Impact on elections

Rise of the Labour Party

In the 1918 election the Labour Party gained one-third of all votes cast in Scotland. By the mid-1920s the Labour Party had replaced the Liberals as one of the nation’s two major political parties.

Some argue that Labour's success in Scotland had much to do with Red Clydeside but there were several other reasons for the sudden rise in the popularity of the Labour Party. These include the Representation of the People Act of 1918 that gave the right to vote to all men over 21 and women over 30, who met minimum property qualifications.

Also, the ILP and the main Labour Party were closely linked in the minds of the new working class voters. Both the ILP and the Labour Party campaigned for reforms in housing and health after the war. Their focus on local issues was a major reason for Labour’s success in the 1920s.

The Labour Party also developed policies to deal with post-war problems, such as minimum wage and control of industry.
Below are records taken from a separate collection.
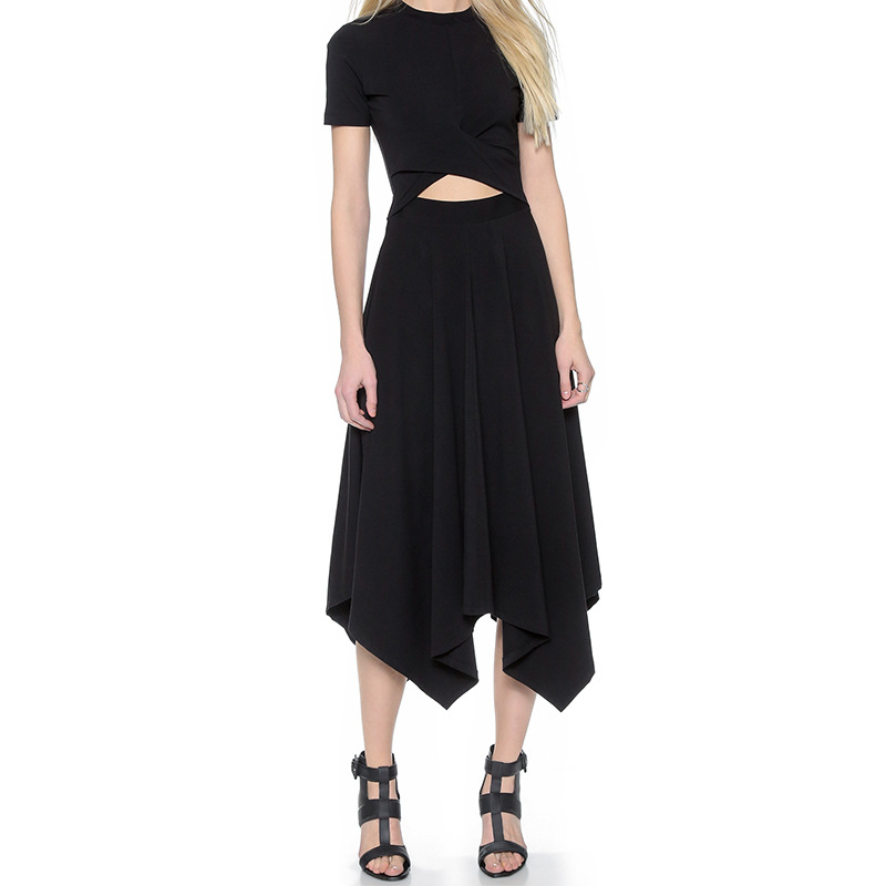 Fashion Trends Waist Cutout Cross Pleated Paneled Short Sleeve Dress
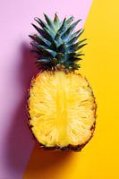 Eine halbierte Ananas schwebt zentral vor einem diagonal geteilten Hintergrund in Pink und Gelb. Die saftige, leuchtend gelbe Innenstruktur kontrastiert mit der rauen, grünen Krone und der strukturierten Schale. Das Licht betont Frische und Feuchtigkeit, während die klare, grafische Komposition fast werblich wirkt. Die Stimmung ist…
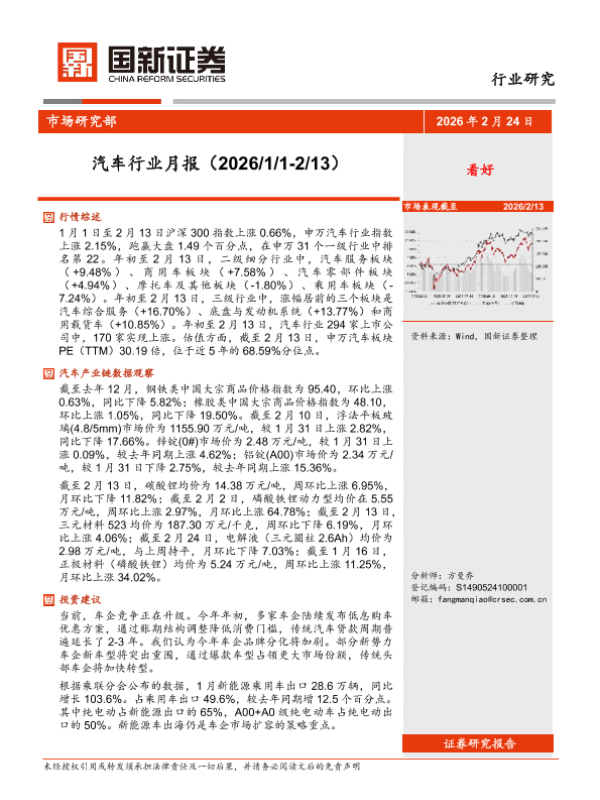 【国新证券】【202602】汽车行业月报(2026/1/1-2/13)-5页 证券期货研究报告

This was popular with many in Scotland. They also benefitted from the growth in Trade Union membership.

Fall of the Liberal Party and the rise of the Conservatives

The Labour party also benefitted from the collapse of the Liberal Party, which had largely been caused by British participation in World War One.

The Liberal Party had certain core beliefs at its heart, one of which was that the state should intervene as little as possible in everyday life. However, as the war dragged on the government increasingly controlled what people could and could not do. The resulting arguments within the party weakened the organisation and demoralised party workers.

The Liberal Party was also split by rivalry between Prime Minister Herbert Asquith and his replacement in 1916, David Lloyd George. The election that followed the end of the war marked the end of the Liberals as a powerful, united party.

The Conservative Party benefitted from the fears of the Scottish middle and upper classes, suggesting that only they could protect their interests now that the Liberals were no longer an effective force. To a worried middle class the events of ‘Red Clydeside’ seemed to provide proof that a communist revolution was imminent.

Conservatives also benefitted from being viewed as the party of law and order, especially in the aftermath of the George Square riots.

Homes fit for 'heroes'

Another reason why the Liberal party declined in Scotland was due to their failure to deliver on a key promise. Towards the end of the war, Prime Minister David Lloyd George promised that returning soldiers would have ‘homes fit for heroes’. This meant more than just a good quality house; it meant that Britain would provide a higher standard of living for all.

The 1917 Royal Commission discovered that housing throughout Scotland was terrible. There was widespread overcrowding, many villages and towns had little sanitation, homes were poorly ventilated and lit, and many families lived in one-roomed houses.

Two laws were passed to try to address this:

  • 1919 Addison’s Act – promised funding for 500,000 homes, although only 213,000 were built.
  • 1924 Wheatley Housing Act – more houses to be built with indoor toilets, electricity and gardens.

However, generally Scottish housing remained poor and people were disappointed at the lack of progress made by the Liberals in this area.